Last updated 11/8/2007 at Noon

Being evacuated was rough enough for residents during the Fallbrook (Rice Canyon) Fire, but when some returned to discover their homes had been looted by thieves, it was unspeakable.

To date, Detective Sergeant Dave Nemeth says 21 fire-related thefts have been reported since the fire began.

“These include residential burglaries and some specific looting charges,” said Nemeth. He adds that the majority of the cases have adequate evidence for officers to begin an investigation, but some don’t.

“We are waiting for the return of fingerprint analysis,” Nemeth said.

Current reports indicate two looting-related arrests and five additional arrests for other related charges best described as preventative in nature.

“These were people who were contacted who were moving around in town during the evacuation who had no business being here,” said Nemeth. “They were arrested on other charges.” Nemeth confirmed that all of these cases have been assigned to detectives.

In Poet’s Square, a residential community off South Mission Road, a family returned from the evacuation to a ransacked home. “Our place was completely trashed,” said one victim, who asked to remain anonymous.

This family followed the evacuation instructions, departing on Monday afternoon and returning on Friday. However, a neighbor returning home earlier in the week sensed something out of the ordinary at the victim’s home. This neighbor contacted the sheriff’s department, which responded immediately.

“[Deputies] came up with guns drawn, walked through my house and whoever it was was not there anymore,” said the victim. Shortly afterward, it was confirmed that the home had been looted.

“[Deputies] told my neighbor that when we got home to call the sheriff’s department so the incident could be reported and recorded,” said the victim. When the evacuation order was lifted, the victim called the sheriff’s department. When they arrived home, the officers were there as well.

The family said they were shocked with the abominable condition of their home.

“[Looters] removed every single solitary drawer in the house and dumped the contents onto the floor and bed,” the victim said. “They ripped everything out of the closets.” Every room in their home had been violated.

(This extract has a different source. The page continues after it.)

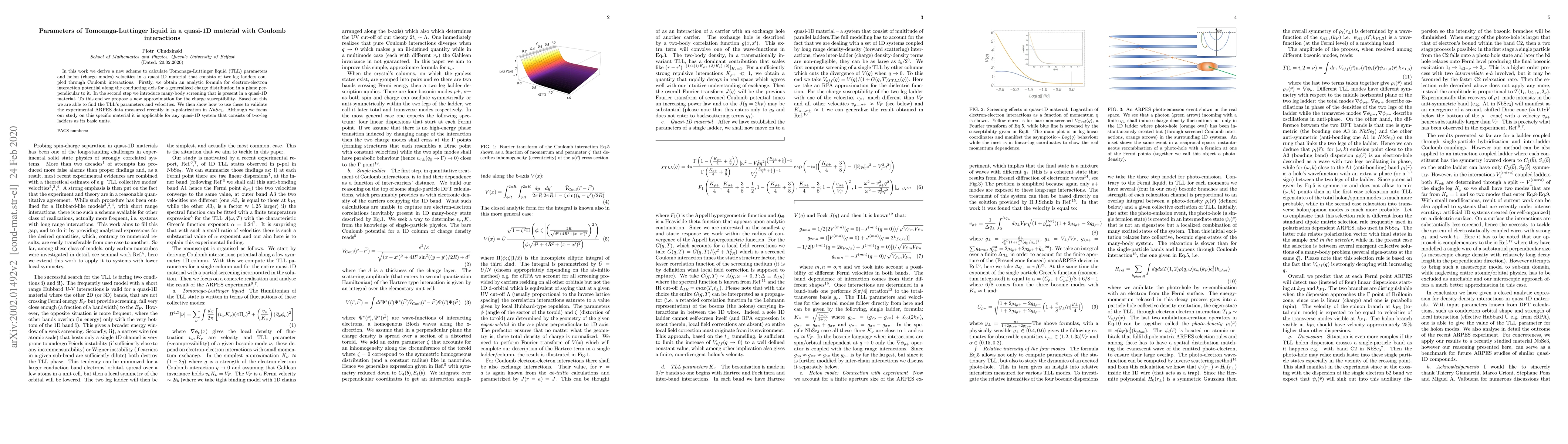 This paper develops a new method to calculate Tomonaga-Luttinger liquid parameters and holon velocities in quasi-1D materials with Coulomb interactions, specifically for two-leg ladder systems. The authors propose an analytic formula for electron-electron interaction potential and a new approximation for charge susceptibility, enabling the determination of these parameters and their validation against recent ARPES data in $NbSe_3$.

“We felt like we were personally attacked,” he said.

The victim claims that another home in Poet’s Square was looted and yet another was attempted, but the thief had no luck with entry.

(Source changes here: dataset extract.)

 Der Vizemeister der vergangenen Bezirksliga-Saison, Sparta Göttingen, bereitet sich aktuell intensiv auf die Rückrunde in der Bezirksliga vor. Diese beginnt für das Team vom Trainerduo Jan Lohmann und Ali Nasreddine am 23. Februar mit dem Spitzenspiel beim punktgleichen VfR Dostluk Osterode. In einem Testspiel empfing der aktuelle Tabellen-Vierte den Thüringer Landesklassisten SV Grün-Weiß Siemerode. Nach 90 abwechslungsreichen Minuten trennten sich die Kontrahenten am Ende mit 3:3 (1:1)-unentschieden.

According to the victim, it appeared as if the looters planned to return, as one of their rooms was staged with more grouped items to be taken at a later time.

“My wife lost a lot of jewelry that belonged to her mother and grandmother; a couple of pistols were taken,” he explained. The victim said one of his losses was an antique gun he had inherited from his father.

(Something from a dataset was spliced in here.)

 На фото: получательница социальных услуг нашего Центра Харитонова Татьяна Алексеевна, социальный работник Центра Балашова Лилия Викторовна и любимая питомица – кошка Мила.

This victim realizes that the looting of his family’s home was a random act and says he and his wife cleaned their home as quickly as possible to get things back to normal. Though things seem okay, they still have worries.

“My wife is having problems sleeping; she is afraid [looters] will come back,” he said.

This resident says he does not blame the sheriff’s department for the looting that occurred during the state of emergency. “I don’t hold them responsible; they have a hard enough job.”

Editor’s Note: While 21 incidences of looting is a significant number, the Greater Fallbrook Area is comprised of more than 15,900 residential dwellings, according to the San Diego Association of Governments.